* About this exercise
Give the records again exactly. Pictures do not belong in the copy.

* Record excerpts

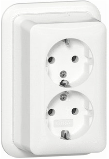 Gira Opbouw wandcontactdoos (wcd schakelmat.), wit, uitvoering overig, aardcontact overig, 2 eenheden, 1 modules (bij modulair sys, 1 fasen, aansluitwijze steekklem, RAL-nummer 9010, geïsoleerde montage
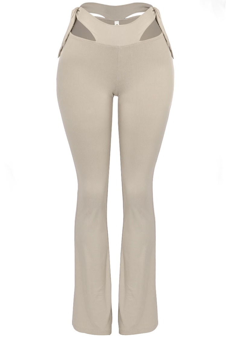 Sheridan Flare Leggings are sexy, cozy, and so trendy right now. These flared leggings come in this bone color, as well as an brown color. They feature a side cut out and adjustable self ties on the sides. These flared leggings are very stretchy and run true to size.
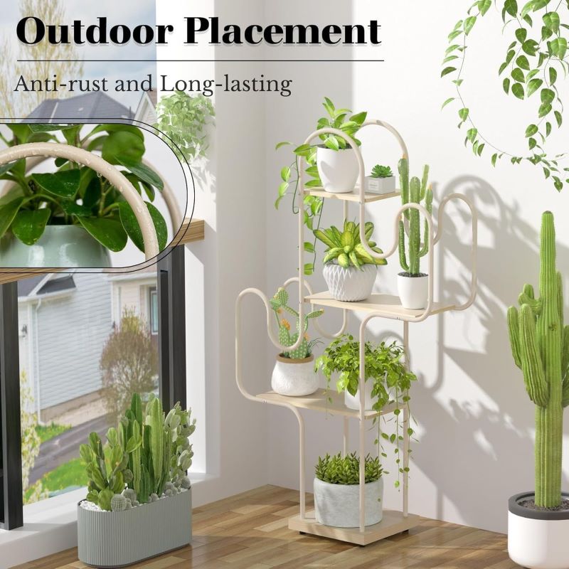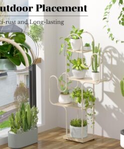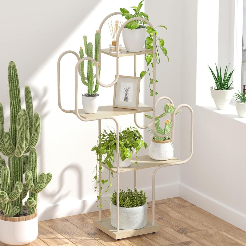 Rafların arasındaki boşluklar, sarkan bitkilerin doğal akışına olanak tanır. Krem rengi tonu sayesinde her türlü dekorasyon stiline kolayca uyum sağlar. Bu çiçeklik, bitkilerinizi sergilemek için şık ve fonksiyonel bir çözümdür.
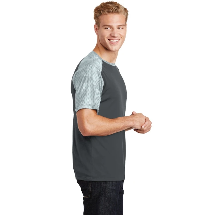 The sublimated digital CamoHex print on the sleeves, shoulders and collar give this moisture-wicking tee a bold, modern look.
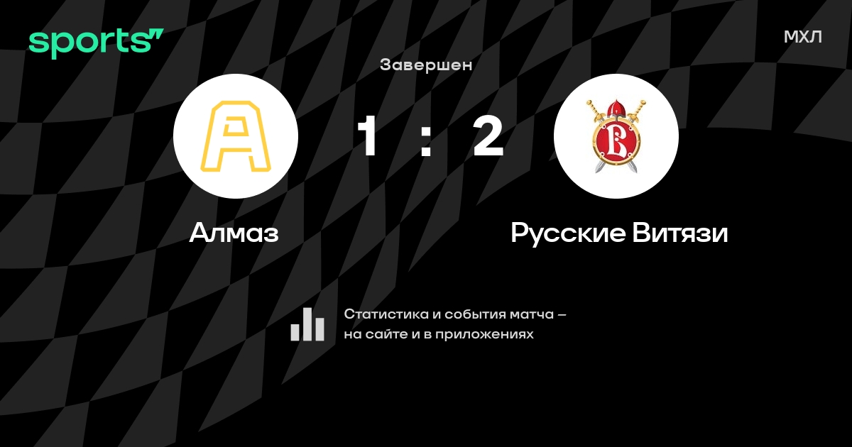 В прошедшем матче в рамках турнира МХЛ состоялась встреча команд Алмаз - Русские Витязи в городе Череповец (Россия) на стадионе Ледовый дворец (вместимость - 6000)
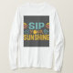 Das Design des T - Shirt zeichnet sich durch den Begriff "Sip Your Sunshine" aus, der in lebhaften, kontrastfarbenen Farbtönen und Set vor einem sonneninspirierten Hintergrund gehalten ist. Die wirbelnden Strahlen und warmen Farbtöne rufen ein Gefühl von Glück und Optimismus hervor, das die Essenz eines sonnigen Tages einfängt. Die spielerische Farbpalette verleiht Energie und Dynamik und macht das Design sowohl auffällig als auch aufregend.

* Expected answer
 Gira Opbouw wandcontactdoos (wcd schakelmat.), wit, uitvoering overig, aardcontact overig, 2 eenheden, 1 modules (bij modulair sys, 1 fasen, aansluitwijze steekklem, RAL-nummer 9010, geïsoleerde montage
 Sheridan Flare Leggings are sexy, cozy, and so trendy right now. These flared leggings come in this bone color, as well as an brown color. They feature a side cut out and adjustable self ties on the sides. These flared leggings are very stretchy and run true to size.
 Rafların arasındaki boşluklar, sarkan bitkilerin doğal akışına olanak tanır. Krem rengi tonu sayesinde her türlü dekorasyon stiline kolayca uyum sağlar. Bu çiçeklik, bitkilerinizi sergilemek için şık ve fonksiyonel bir çözümdür.
 The sublimated digital CamoHex print on the sleeves, shoulders and collar give this moisture-wicking tee a bold, modern look.
 В прошедшем матче в рамках турнира МХЛ состоялась встреча команд Алмаз - Русские Витязи в городе Череповец (Россия) на стадионе Ледовый дворец (вместимость - 6000)
 Das Design des T - Shirt zeichnet sich durch den Begriff "Sip Your Sunshine" aus, der in lebhaften, kontrastfarbenen Farbtönen und Set vor einem sonneninspirierten Hintergrund gehalten ist. Die wirbelnden Strahlen und warmen Farbtöne rufen ein Gefühl von Glück und Optimismus hervor, das die Essenz eines sonnigen Tages einfängt. Die spielerische Farbpalette verleiht Energie und Dynamik und macht das Design sowohl auffällig als auch aufregend.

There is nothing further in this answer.